_Problem description:_
The output is a word-for-word repeat of the listing below, free of images.

_Data provided:_
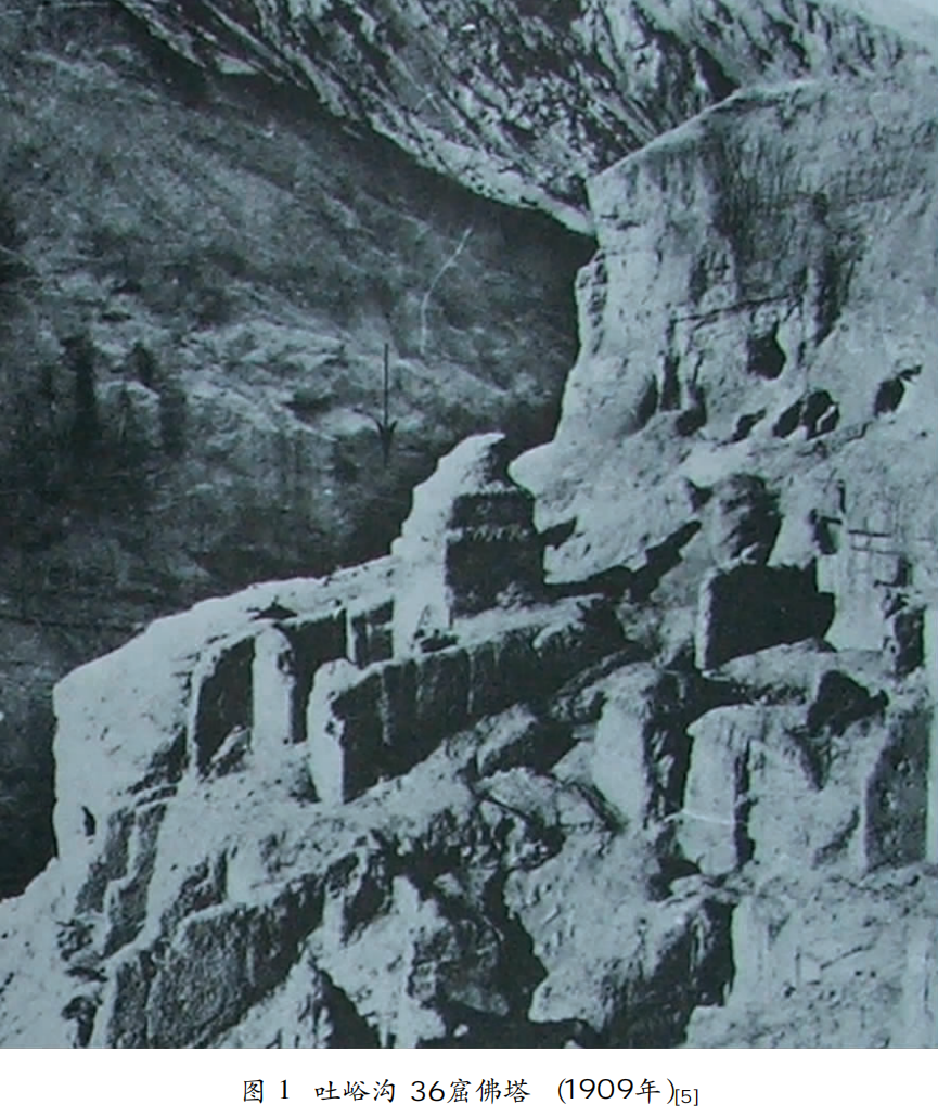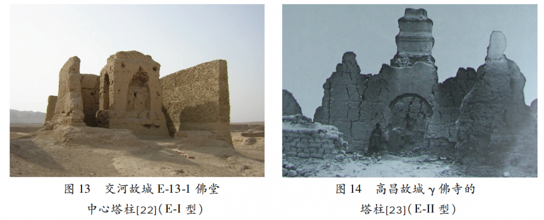 在古代高昌的遗址中,以众多的佛塔和塔柱最引人注目。塔,梵文为Stupa,音译为“窣堵坡”。佛涅槃后焚棺所得的舍利藏于塔中,因此塔也成为佛的象征,是信众的主要礼拜对象。印度石窟中的覆钵塔在龟兹石窟演变为中心塔柱形式,主要是保留佛塔的塔基部分。高昌地区佛寺中的塔柱更具早期佛塔特色,从19世纪末和20世纪初俄、德等国探险家所拍摄的照片看(如图1吐峪沟第36窟和高昌故城γ佛寺),相当部分塔柱把塔基延伸至佛寺建筑顶部外端上方,这一部分仍残留圆柱形塔身及覆钵,也就是说这些塔柱实际上仍是保留窣堵坡佛塔形制。露天佛塔和寺院中心塔柱虽然在功能和性质上有所差别,但就塔基塔身形制而言,在古代高昌地区这二者的形制基本相同,故本文把佛塔和塔柱并在一起研究。部分高台塔状佛堂,如交河故城E-28佛堂,过去许多著作称之为“中央大塔”,实则为高台佛殿建筑,本文暂不以论述。
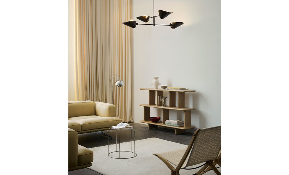 The outline of the Bonnet chandelier from Space Copenhagen for &Tradition appears as if it’s drawn in a single pencil stroke, while its curved shades envelope the light source and can rotate up to 180 degrees.
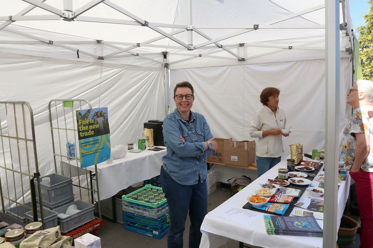 Um Stand vu Composition vun Al-Schëtter konnt een des Weideren Bouqueten mat Fairtrade-Blumme kafen.
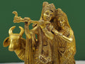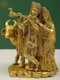 The 6" Small Gopala Krishna Statue with Radha in Brass is a brass statue and handcrafted sculpture that portrays Krishna as a playful child alongside Radha in a single graceful composition.

_Expected answer:_
 在古代高昌的遗址中,以众多的佛塔和塔柱最引人注目。塔,梵文为Stupa,音译为“窣堵坡”。佛涅槃后焚棺所得的舍利藏于塔中,因此塔也成为佛的象征,是信众的主要礼拜对象。印度石窟中的覆钵塔在龟兹石窟演变为中心塔柱形式,主要是保留佛塔的塔基部分。高昌地区佛寺中的塔柱更具早期佛塔特色,从19世纪末和20世纪初俄、德等国探险家所拍摄的照片看(如图1吐峪沟第36窟和高昌故城γ佛寺),相当部分塔柱把塔基延伸至佛寺建筑顶部外端上方,这一部分仍残留圆柱形塔身及覆钵,也就是说这些塔柱实际上仍是保留窣堵坡佛塔形制。露天佛塔和寺院中心塔柱虽然在功能和性质上有所差别,但就塔基塔身形制而言,在古代高昌地区这二者的形制基本相同,故本文把佛塔和塔柱并在一起研究。部分高台塔状佛堂,如交河故城E-28佛堂,过去许多著作称之为“中央大塔”,实则为高台佛殿建筑,本文暂不以论述。
 The outline of the Bonnet chandelier from Space Copenhagen for &Tradition appears as if it’s drawn in a single pencil stroke, while its curved shades envelope the light source and can rotate up to 180 degrees.
 Um Stand vu Composition vun Al-Schëtter konnt een des Weideren Bouqueten mat Fairtrade-Blumme kafen.
 The 6" Small Gopala Krishna Statue with Radha in Brass is a brass statue and handcrafted sculpture that portrays Krishna as a playful child alongside Radha in a single graceful composition.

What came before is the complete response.